====== Material provided

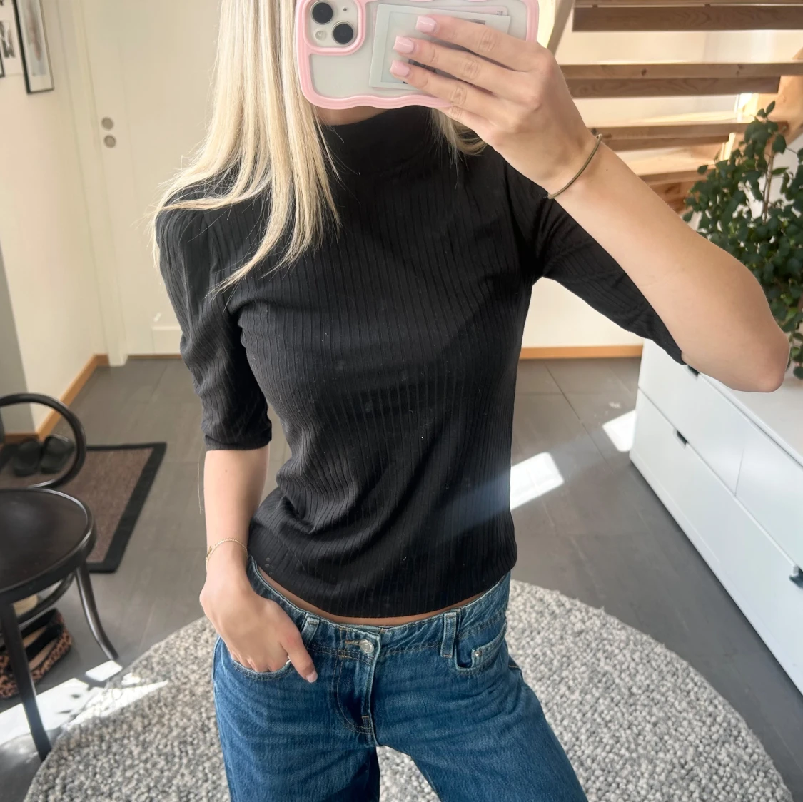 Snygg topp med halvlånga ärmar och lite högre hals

============
====== Material provided

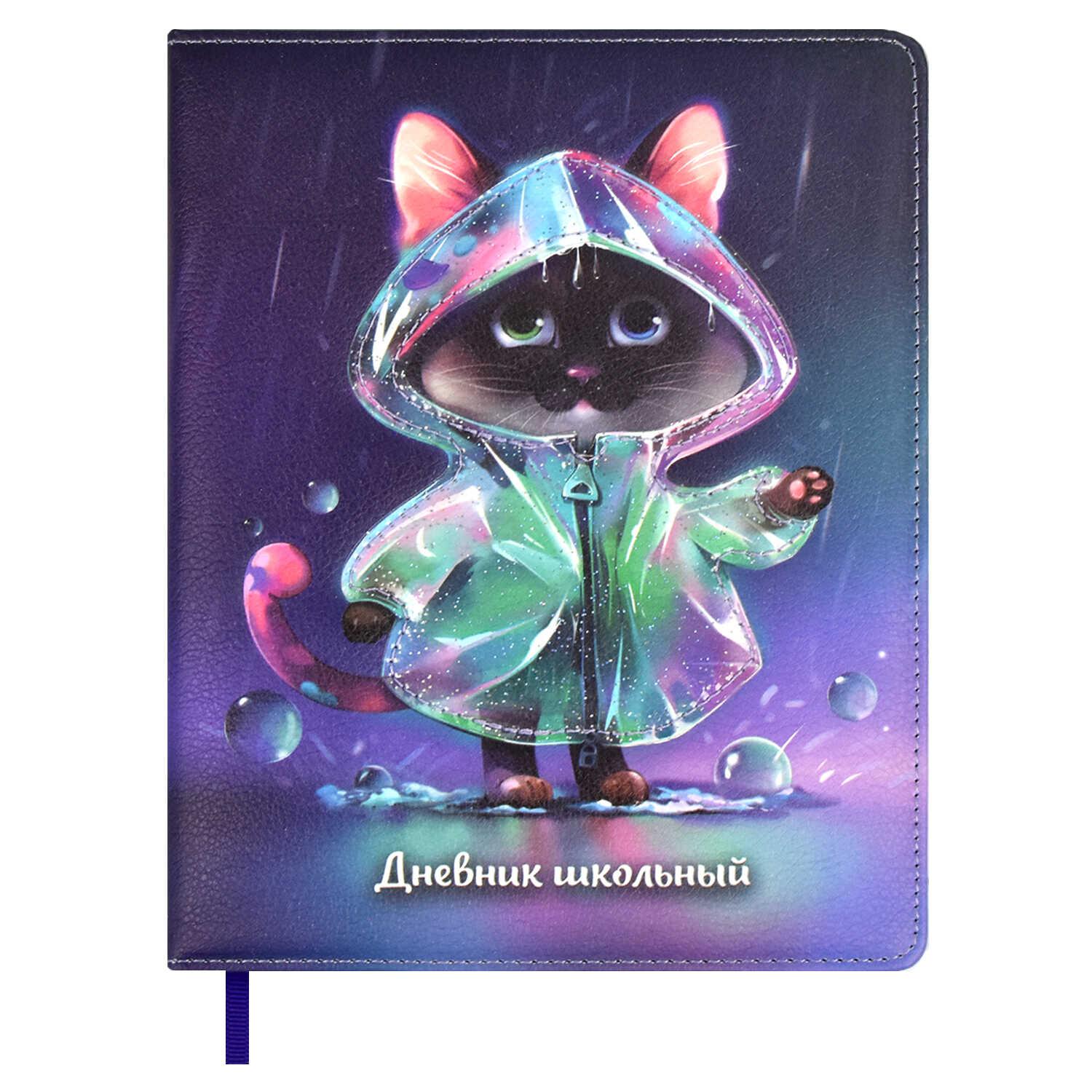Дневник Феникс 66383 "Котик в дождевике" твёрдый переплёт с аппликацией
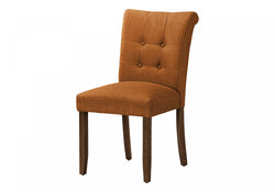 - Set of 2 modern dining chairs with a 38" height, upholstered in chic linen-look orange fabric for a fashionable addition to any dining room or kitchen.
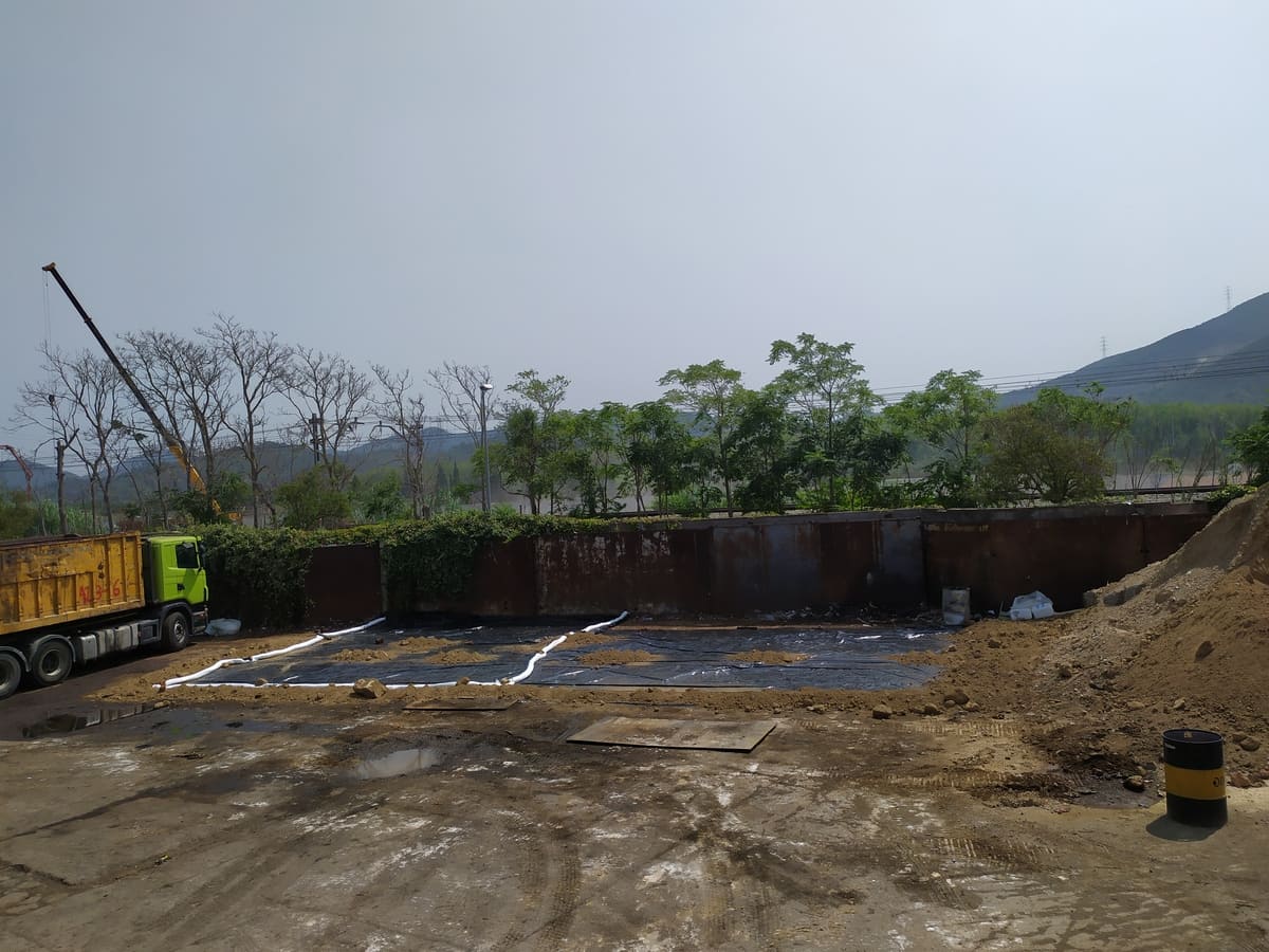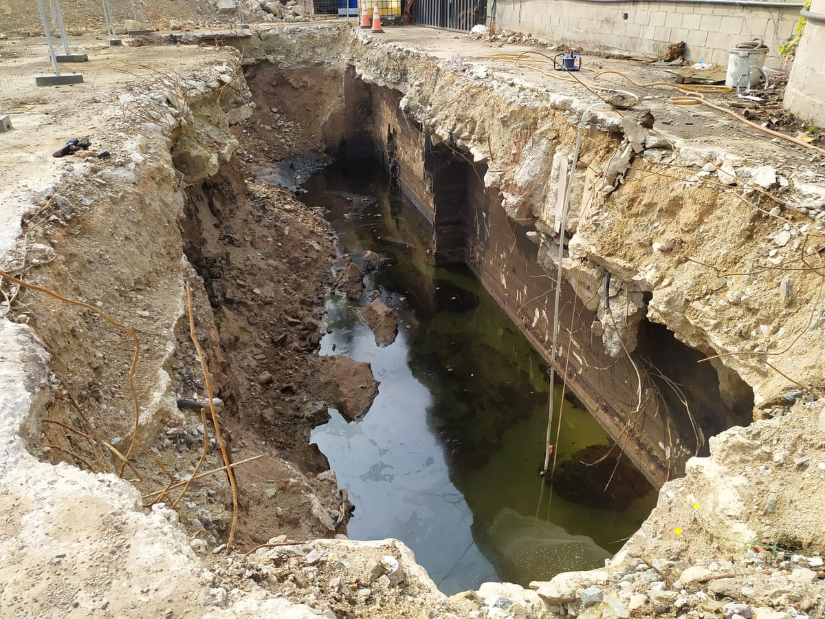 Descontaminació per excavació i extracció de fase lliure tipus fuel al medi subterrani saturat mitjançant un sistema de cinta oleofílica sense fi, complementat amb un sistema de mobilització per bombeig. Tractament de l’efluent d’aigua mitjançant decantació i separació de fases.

============

▶ _What you should do_
Print exactly the lines above that run from the one with "Дневник Феникс 66383" to the one with "Descontaminació per excavació", both included. No pictures.

▶ _Exercise output_
Дневник Феникс 66383 "Котик в дождевике" твёрдый переплёт с аппликацией
 - Set of 2 modern dining chairs with a 38" height, upholstered in chic linen-look orange fabric for a fashionable addition to any dining room or kitchen.
 Descontaminació per excavació i extracció de fase lliure tipus fuel al medi subterrani saturat mitjançant un sistema de cinta oleofílica sense fi, complementat amb un sistema de mobilització per bombeig. Tractament de l’efluent d’aigua mitjançant decantació i separació de fases.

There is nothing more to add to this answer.